She quickly stopped playing and he heard some heavy footsteps.

SWOOSH – she had swung herself from the railing above and tumbled onto his balcony, tucking into a roll and landing on her feet. A true nimble gymnast. “Thank goodness you never move your furniture, Z, or I’d be dead.” She was quite solemn – but Zerian had to laugh.

Bess was wearing a leather-tooled top with four strings that tied behind her neck and back. She was always exposing her midriff for all the universe to behold, before being interrupted by her tawny, gauzy leggings and heavy belt that supposedly kept them in place. She was quite a personality, but to Zerian she seemed like a typical portrait of her people, the Medoin, a primarily nomadic nation that took great pride in boldness and barbarity. She flashed him a challenging and charming smile.

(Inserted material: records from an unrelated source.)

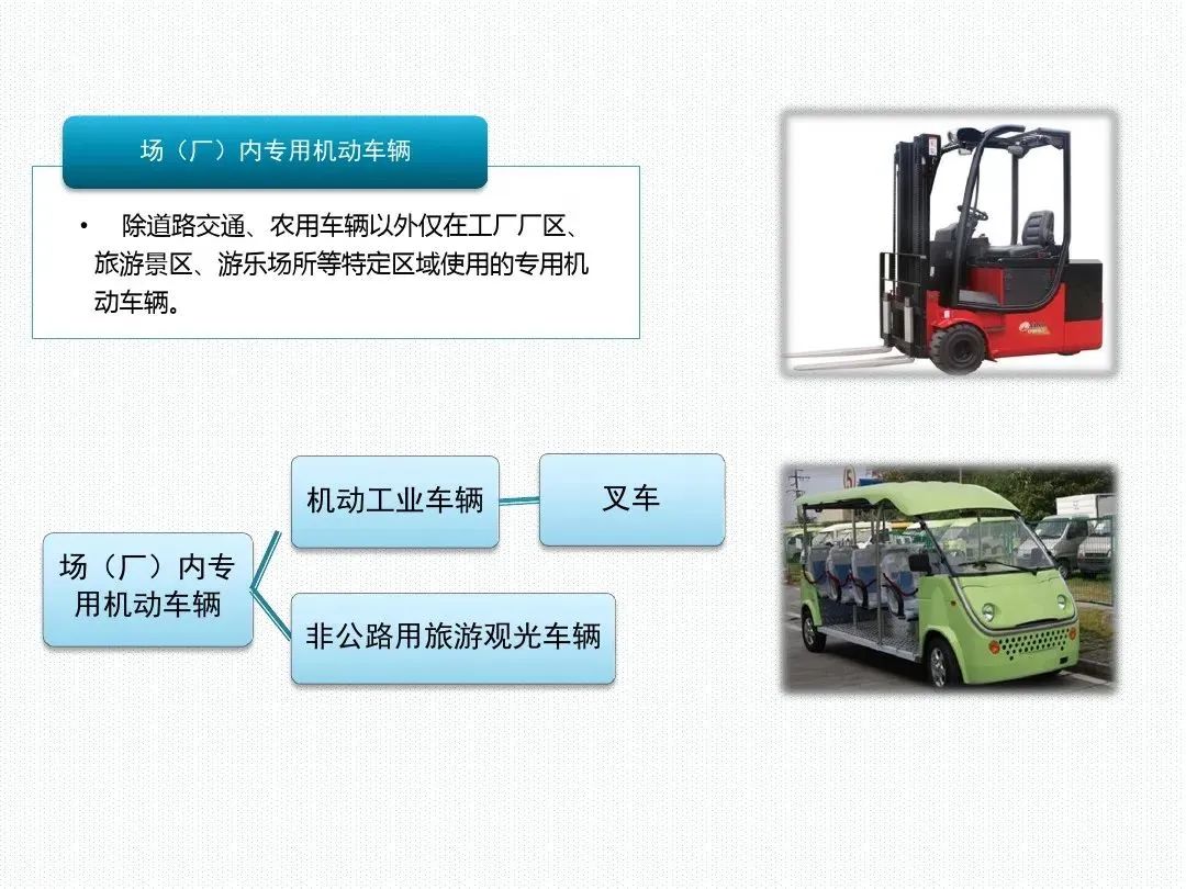 (8)场(厂)内专用机动车辆,是指除道路交通、农用车辆以外仅在工厂厂区、旅游景区、游乐场所等特定区域使用的专用机动车辆。
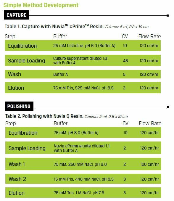 Initial capture was accomplished using Nuvia cPrime Mixed-Mode Resin (Figure 4). This portion of the process achieved a ten-fold reduction in processing volume and a significant reduction in feedstream contaminants (Figure 6, lanes 2–4).
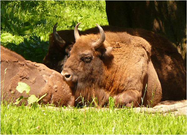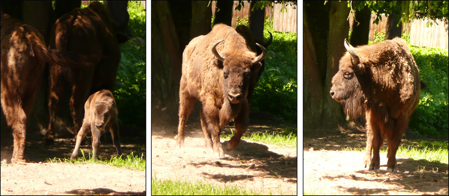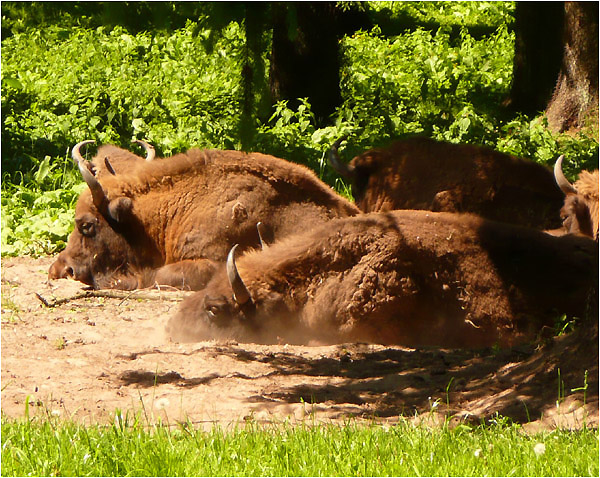 Die Wisente suhlen sich im staubigen Boden und lassen sich von uns nicht stören. Schließlich stehen wir hinter einem mannshohen Zaun. Die Tiergruppe befindet sich nämlich im Tierpark des Nationalparks.
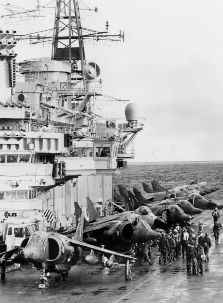 - The crowded deck of HMS Hermes in good weather with RAF GR3s in the force ground armed with CBUs and a Reece Pod and Sea Harriers
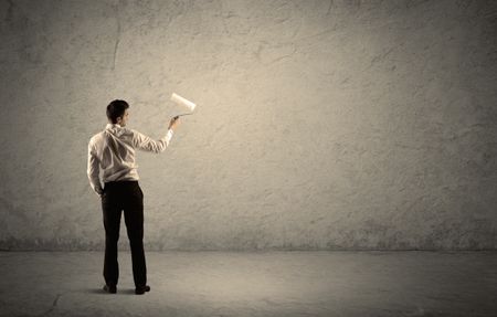 An elegant businessman in suit holding a paint roller, standing with his back, facing an empty urban concrete wall concept
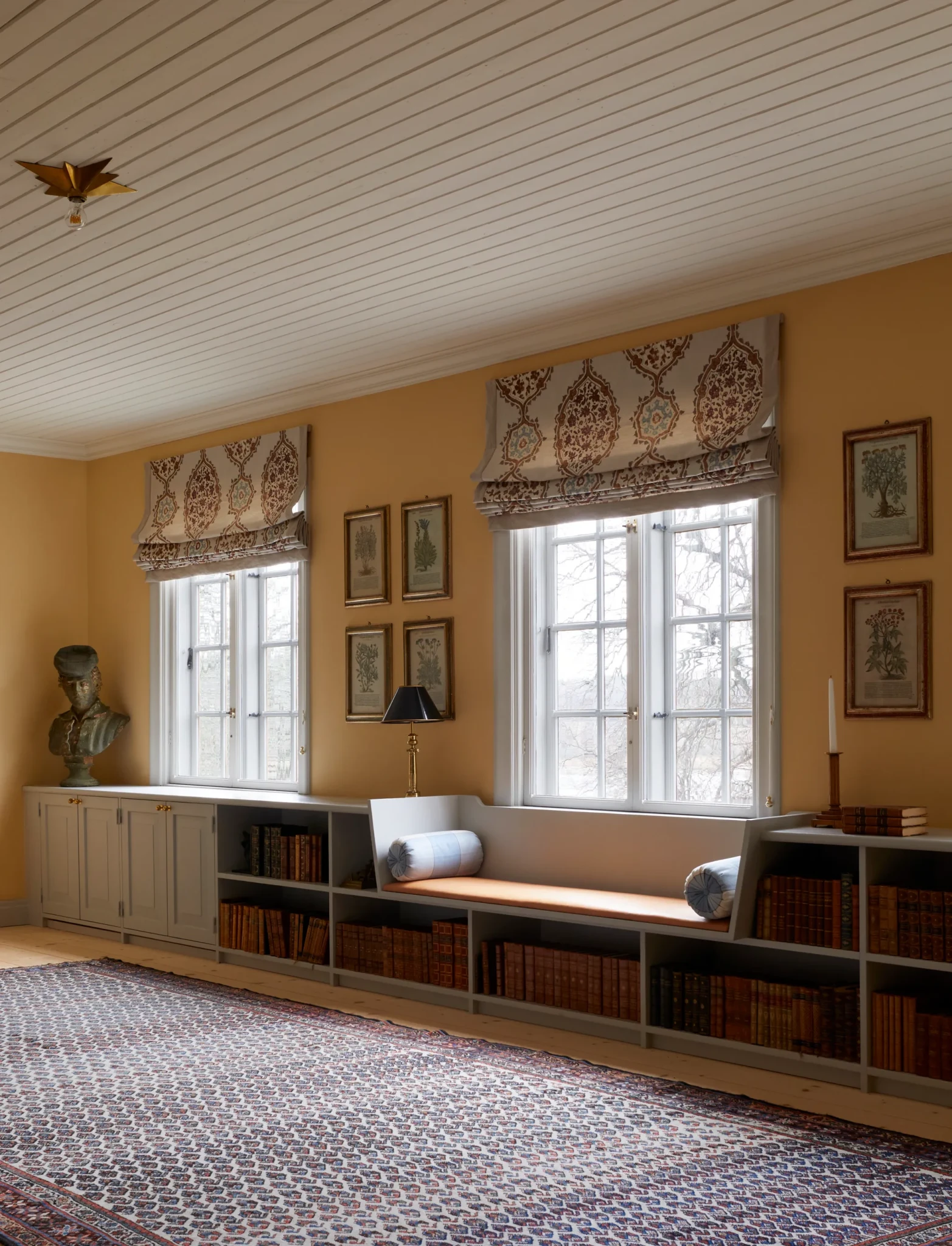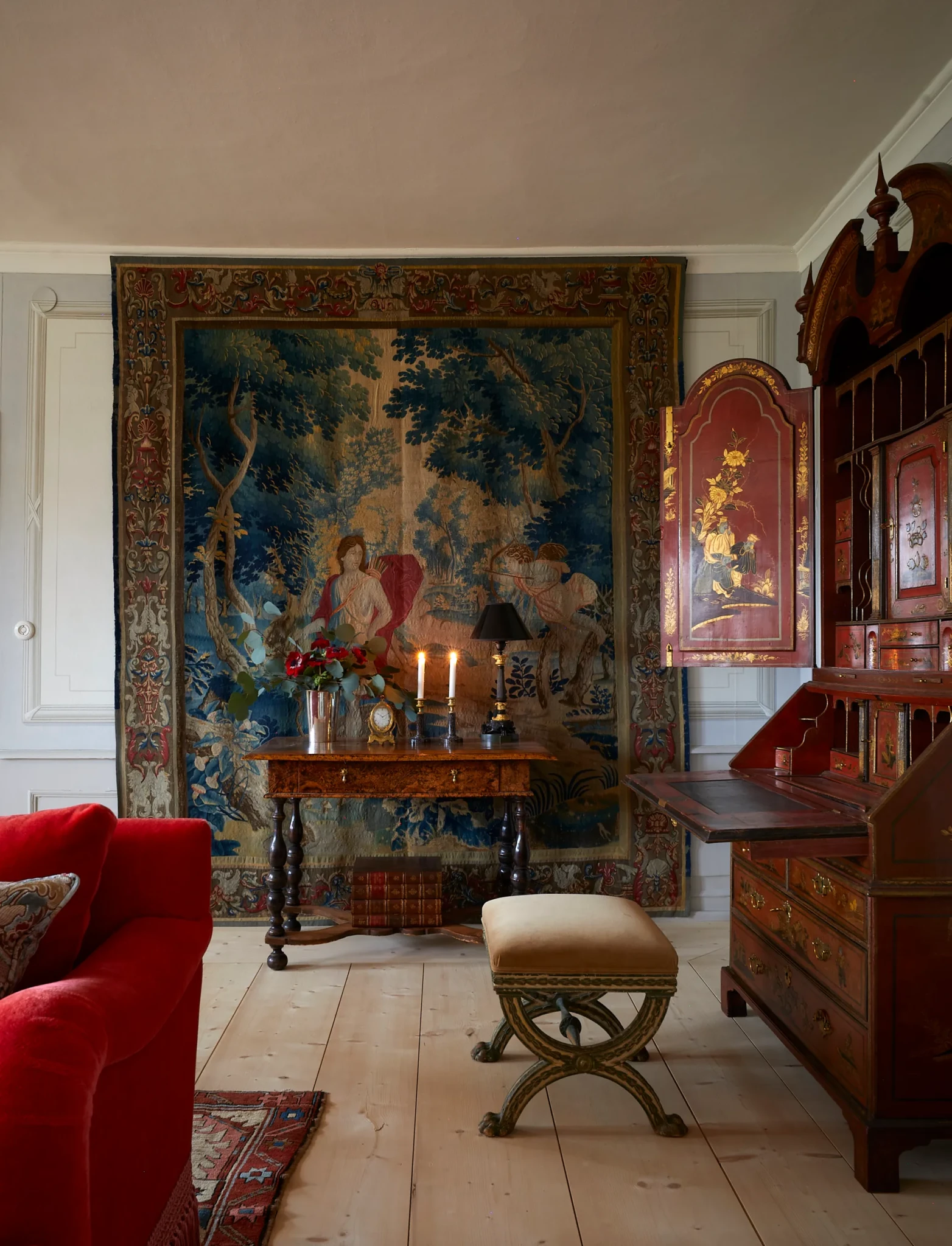 Αναφορικά με την επίπλωση του σπιτιού, η ομάδα της Studio Ramson απευθύνθηκε στον Pontus Silfverstolpe, ο οποίος φέρει το παρατσούκλι «ο ντετέκτιβ με τις αντίκες», με σκοπό να βρουν κεντρικά statement έπιπλα που θα έδιναν περισσότερο χαρακτήρα στους χώρους. Σε αυτόν οφείλεται το εμβληματικό έπιπλο του σαλονιού, το λακαρισμένο ντουλάπι, το οποίο δένει αρμονικά με τους κόκκινους καναπέδες και την πράσινη φλαμανδική ταπισερί.
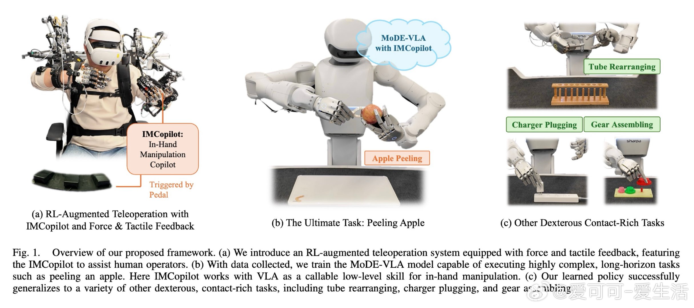 在灵巧操作领域,让机器人像人手一样执行"削苹果"这类接触密集型任务,是一个悬而未决的难题。现有 VLA 模型受困于低自由度夹爪范式,本质原因是:63 自由度双臂系统的遥操作数据采集几乎超出人类上限,力觉/触觉模态与视觉语言表征存在物理语义鸿沟,单一策略无力跨越从抓取到手内操作的技能断层。
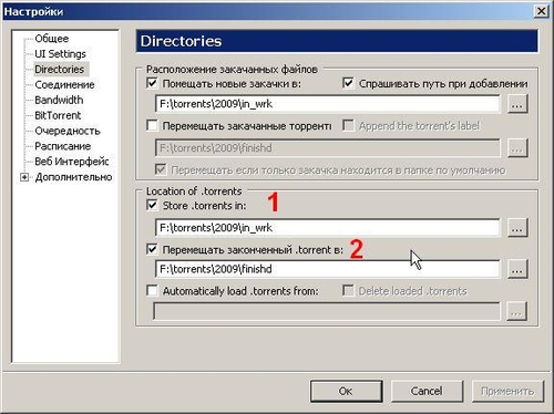 А установив в настройках uTorrent папки [1] и [2], как на картинке, все .torrent файлы, находящиеся в процессе закачки, хранятся в папке [1], а уже скачанные - в папке [2]:
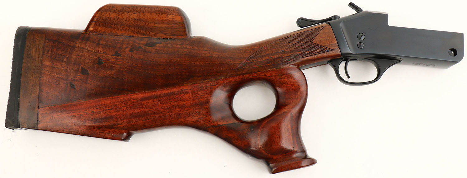 Henry Repeating Arms Company, Model HO15-223 Single Shot Frame, Caliber: 357 MAG/ .38SPL, MFG: Modern, SN: 223SSR02895, Break Action Single Shot Rifle Frame, The factory stock has been heavily custom modified, with the addition of a thumb hole pistol grip, an added block for increased length & an ultra high comb cheek piece. The stock has a solid recoil pad. Shoulders nicely. The individual who created this unusual configuration was quite the wood worker! Original frame blue rates 98%. Just need interchangeable barrels to make into numerous caliber options. FFL Req. - Value: 100 to 200
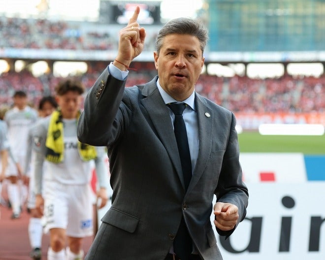 試合後のフラッシュインタビューで、リカルド・ロドリゲス監督は「とても価値あるポジティブな勝利だった」と喜ぶ。「なかなか期待通りにビルドアップできない部分もありました。ただ、我々も攻撃的に戦い、複数ゴールを決めることができ、細谷も素晴らしいパフォーマンスを表現してくれました」と評価する。
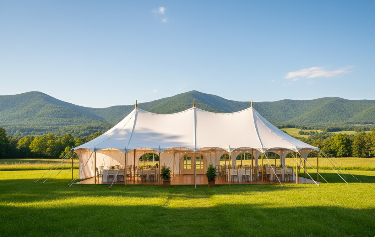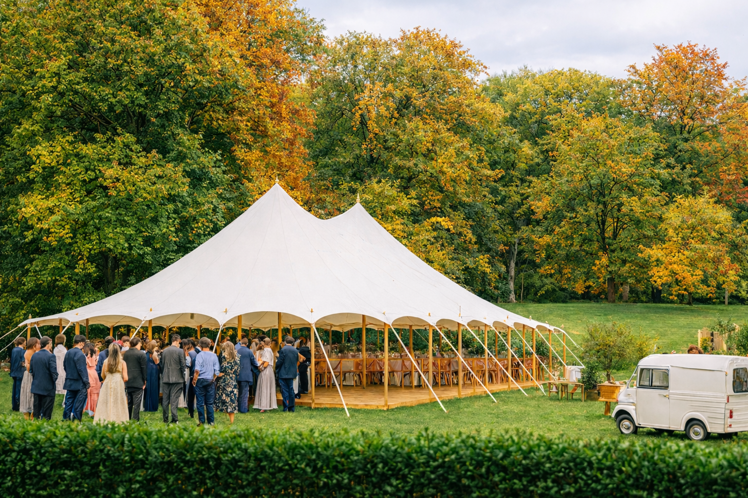 Dysponujemy nowoczesnym, mobilnym namiotem typu sailcloth, który pozwala na organizację eventów w plenerze – w dowolnej lokalizacji wybranej przez klienta.
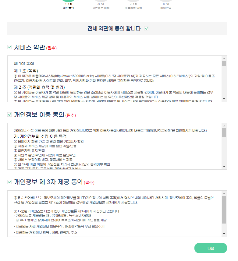 서비스 약관 동의를 진행하셔야 그 다음 서비스를 이용 하실 수 있습니다. 서비스약관, 개인정보 이용 동의, 개인정보 제 3자 제공 동의를 클릭하신 후 다음 2단계 기본정보 입력으로 넘어 갈 수 있습니다.
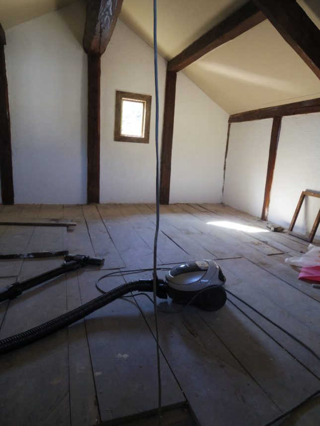 そのあとはDIYの続き。旧蔵の2階もいままで敷いていたブルーシートを撤去して掃除機をかけた。
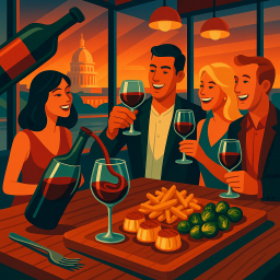 * Jetzt kann Peter das Abendessen mit seinen Freunden im Eno Vino Downtown Madison genießen!
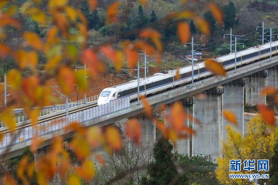成贵高铁列车行驶在贵州省毕节市境内(12月16日摄)。
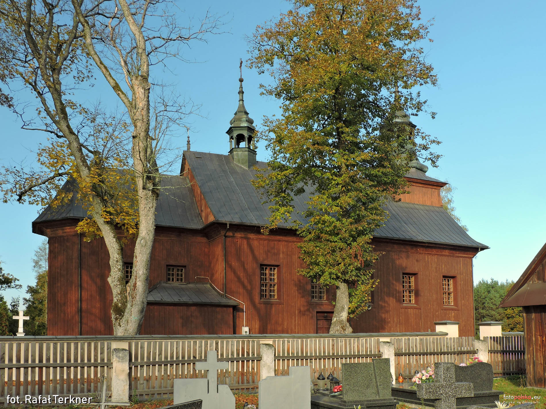 Kościół św. Stanisława więcej zdjęć (19) Atrakcja turystyczna Zbudowano: 1768 Zabytek: A/71 z 26.11.1966 Kościół p.w. Świętego Stanisława Biskupa z 1768 r. Zbudowany z fundacji Jana Jakuba Zamoyskiego wojewody podolskiego. Rozbudowany w latach 1897 – 98 – przedłużenie nawy i dobudowa wieży. Remontowany w 1927 r. – boazerie wewnętrzne. W 1968 r. ks. Kardynał Karol Wojtyła przekazał do kościoła autentyczne relikwie Świętego Stanisława w postaci części kości. W 1975 r. zamiana gontu na dachach na blachę. Kościół drewniany, trójnawowy konstrukcji zrębowej. Nie orientowany, zbudowany z drewna modrzewiowego. Mniejsze prezbiterium od nawy, zamknięte trójbocznie z dwoma bocznymi zakrystiami. Wieża nadbudowana nad nawą. Zwieńczona blaszanym hełmem z latarnią. Dach dwukalenicowy, kryty blachą z wieżyczką na sygnaturkę. Zwieńczoną hełmem blaszanym z latarnią. Wnętrze obite boazerią i podzielone na trzy nawy przez dwa rzędy słupów po pięć sztuk z arkadami. Pozorne stropy kolebkowe, niższe w nawach bocznych. Belka tęczowa z barokowym krucyfiksem z poł. XVIII w. Chór muzyczny wsparty na dwóch słupach z organami z 1906 r. Wyposażenie rokokowe z lat 1769 – 79 autorstwa snycerzy Jana i Jakuba Maucherów: ołtarz główny i dwa boczne, ambona drewniana z rzeźbami czterech Ewangelistów., konfesjonał i chrzcielnica. Na wewnętrznych ścianach kościoła tablice ku czci żołnierzy 1 artylerii konnej, poległych w okolicach 23 – 26 września 1939 r. i partyzantów AK z oddziału Michała Wysockiego „Wita", którzy obronili świątynię i wieś przed spaleniem w lipcu 1944 r. Dzwonnica murowana, arkadowa z 1787 r. z trzema dzwonami z 1906 r. w ogrodzeniu w postaci muru z bramką i czterema kapliczkami z XVIII w. Plebania murowana z p. XX w. za : |
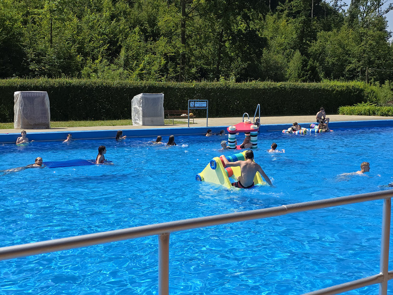 Gleich zu Beginn, am Montag, schwang sich die Gruppe auf ihre Fahrräder und machte sich auf den Weg ins Freibad nach Falkenau. Dort wurde geplanscht, gespielt und natürlich die Sonne genossen – ein perfekter Start in die Ferienzeit!
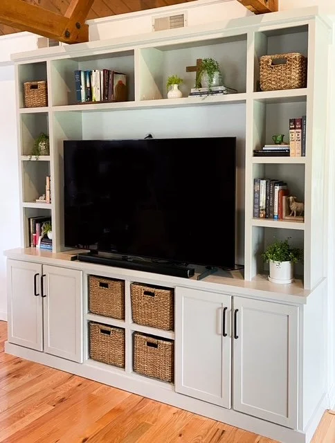 Entertainment center with adjustable shelves, four enclosed cabinets and matching cubbies.

Zerian thought he was in love with her once. It was shortly after they first started working together.

He remembered that golden afternoon when he thought he had said all the right witty things, and she smiled back at him. That same charming and challenging smile. He leaned a little closer – edging for a kiss, maybe – hopeful and optimistic as he was. But then time stood still and Bess busted out laughing at him. He was both confused and insulted, and Bess slapped him on the shoulder.

“Z, you had me going – you cannot be serious,” she almost bellowed.

“I – I am. I feel a connection with you Bess,” Zerian stated, almost pleadingly. Then he turned defensive.

“C’mon Bess – are my feelings lying to me? Are you telling me I’m completely wrong? I totally misinterpreted the intentions?” He bristled. He thought this was a sure thing. He felt attracted to her, and her to him – she couldn’t have ignored their chemistry!

“Zerian boy,” she wiped away a tear of laughter, “You are not in love with me.” She stared deep into him. “You are in love with the idea of me. Not the actual me – the idea of me. And you want that for yourself. If you strived to live like I do, and swagger like the Medoin, then you would have figured out that it was never ME. It was always about YOU.”

Zerian remembered that day clearly, and the way it stripped him. He had been incredulous. First of all – he had never wanted to be like Bess. It was arrogant of her to assume something like that.

Or did he?

Also, when did Bess start talking like a fortune-teller or some kind of know-it-all who could see into his soul?

She was always like that – you just refused to see her that way.

But she didn’t know him that well – only a few months. It was all just conjecture.

A few months is enough time, especially if you are a fortune-teller…

Gah! Zerian shook his head and admonished his ridiculous out-of-line thoughts. Back to the present moment. The one where Bess and him were not in love, the one where he definitely didn’t want to be like her, where she was certainly not some wise sage from the temple high, and the one where she was just a good friend.

A great friend, actually.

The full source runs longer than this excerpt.